## [Recorded information]
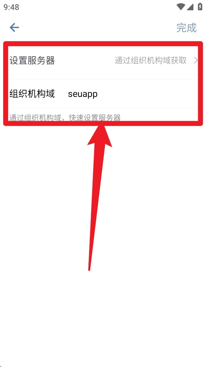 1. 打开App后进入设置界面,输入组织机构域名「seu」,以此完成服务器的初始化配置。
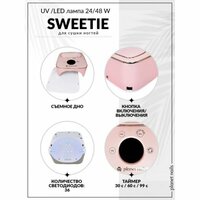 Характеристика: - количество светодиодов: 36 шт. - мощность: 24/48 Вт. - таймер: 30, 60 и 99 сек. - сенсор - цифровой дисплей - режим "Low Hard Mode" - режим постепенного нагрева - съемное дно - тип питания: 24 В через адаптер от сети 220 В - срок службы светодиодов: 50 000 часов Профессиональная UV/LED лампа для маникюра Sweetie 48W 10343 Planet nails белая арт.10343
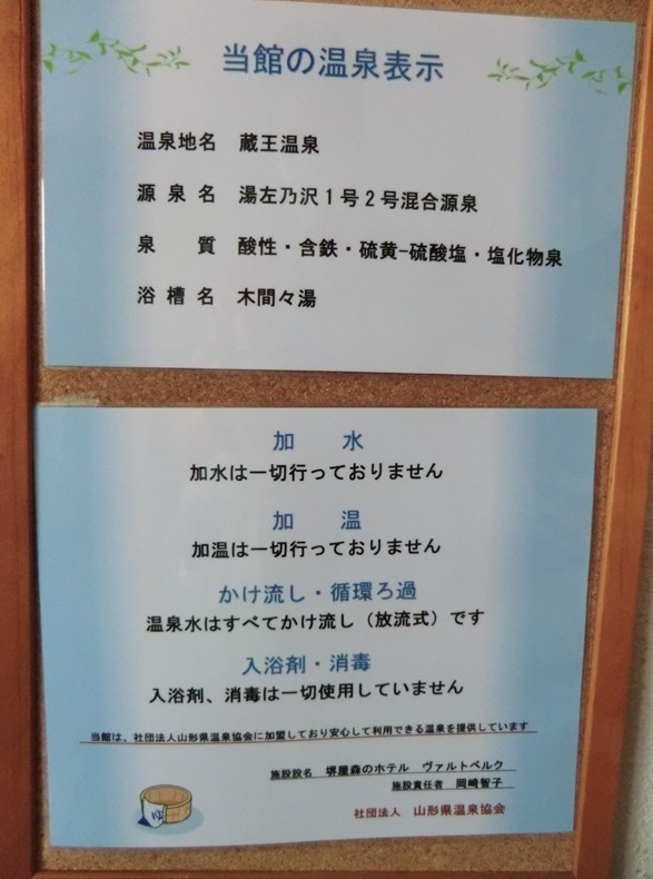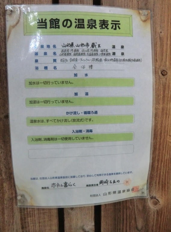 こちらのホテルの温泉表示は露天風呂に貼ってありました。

==

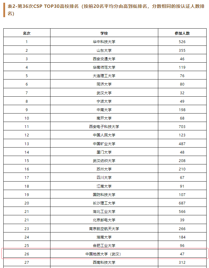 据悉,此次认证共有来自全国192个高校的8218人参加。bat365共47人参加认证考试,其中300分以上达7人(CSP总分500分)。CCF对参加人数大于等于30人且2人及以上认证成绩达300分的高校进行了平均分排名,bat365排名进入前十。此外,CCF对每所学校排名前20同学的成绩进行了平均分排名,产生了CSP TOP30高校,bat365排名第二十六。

## [Task to carry out]
Output exactly the stretch of the listing that begins at the line containing "1. 打开App后进入设置界" and ends at the line containing "こちらのホテルの温泉表示は露天風呂に貼ってありました。", both kept. Omit pictures and everything else.

## [Task output]
 1. 打开App后进入设置界面,输入组织机构域名「seu」,以此完成服务器的初始化配置。
 Характеристика: - количество светодиодов: 36 шт. - мощность: 24/48 Вт. - таймер: 30, 60 и 99 сек. - сенсор - цифровой дисплей - режим "Low Hard Mode" - режим постепенного нагрева - съемное дно - тип питания: 24 В через адаптер от сети 220 В - срок службы светодиодов: 50 000 часов Профессиональная UV/LED лампа для маникюра Sweetie 48W 10343 Planet nails белая арт.10343
 こちらのホテルの温泉表示は露天風呂に貼ってありました。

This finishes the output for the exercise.